Простым выключением телевизора сознание не защитишь. Потому что ее же практически невозможно выключить. Тебя пытаются захватить изнутри, проникая в твое сознание. Но в сознании должен быть выработанный механизм «свой-чужой», и его появлению очень помогает национальная и мировая классическая художественная литература.
— То есть художественная литература не угрожает суверенитету сознания?
— Включая телевизор, радио или покупая газету или книжку, я решаю, допускать в свое сознание чужое воображение или нет. Хорошо, если она будет созвучной или соизмеримой, а если нет? В свое время, читая «Братьев Карамазовых» Достоевского, я остановился на «Легенде о большом Инквизиторстве». Я почувствовал, что у меня не хватает ни душевного, ни духовного опыта, чтобы быть читателем, адекватным писателю. Почти то же было и из «Анной Карениной» Льва Толстого: раз десять я брался ее прочитать, но смог это сделать только тогда, когда приобрел необходимый жизненный опыт.
Но есть такие виды чужого воображения, которые справедливо квалифицируются как нечеловеческие. И нужно ли проходить через этот опыт бесчеловечности?
С другой стороны, мощностей для регенерации в сознании с годами уменьшается. Она костенеет, как и все другое. И хотя воображение может становиться все более мощным, соответствий ей в личностной жизни человека становится все меньше. Человек начинает искать Вечной книги.

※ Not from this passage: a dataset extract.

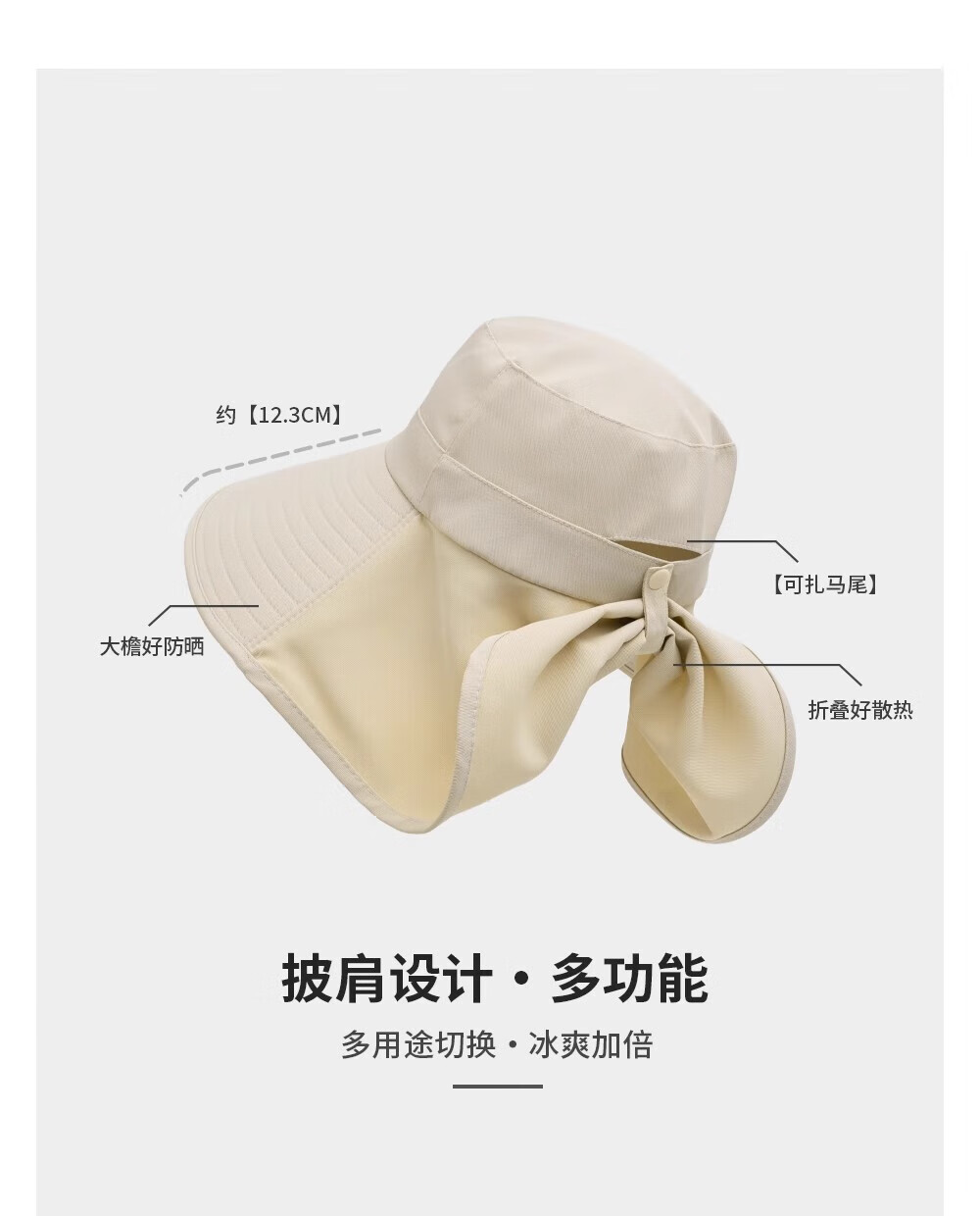 Pdmcms seaside sun protection hat women's large brim summer sun hat neck protection integrated sun hat covering face and neck beach hat large brim sun hat off-white full face sun protection
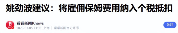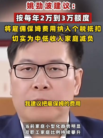 他建议,把雇佣保姆护理“一老一小”的用度,纳入个东说念主所得税专项附加扣除。

Вы не задумывались, почему государства не вычеркивают из школьной программы изучения литературы? Частные учебные заведения также не отказываются от курсов истории художественной литературы, отечественной и зарубежной. Казалось бы, в условиях существования и шурокой доступности телевидения, театра, радио, газет, журналов, мощной кино- и видеоиндустрии, интернету, в конечном итоге, зачем еще и литературу изучать? Оказывается, нужно.
Правила воображения, осознание, уподобление и распознание разнообразных знаков, символов и тому подобное, — все происходит благодаря художественной литературе, то есть очеловечивание сознания человека происходит именно с помощью художественной литературы.

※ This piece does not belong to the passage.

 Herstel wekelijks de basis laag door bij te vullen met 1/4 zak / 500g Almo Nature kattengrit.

В этих мелких черных крапинках, рассыпанных по белому полю страницы, таится такой потенциал! Как бы не пытался руководить представлением читателя писатель, все равно воображение читателя нарисует то, на что она способна. У выдающегося американского фантаста Айзека Азимова я прочитал в ранней юности рассказ о спецшколе будущего, где специально отобраны дети учатся, в отличие от большинства, которым просто переписывали в мозг всю необходимую им массу знаний, за печатными книжками. И это не просто дань давней гуманитарной традиции — это защита суверенитета воображения, а с помощью него — независимость сознания.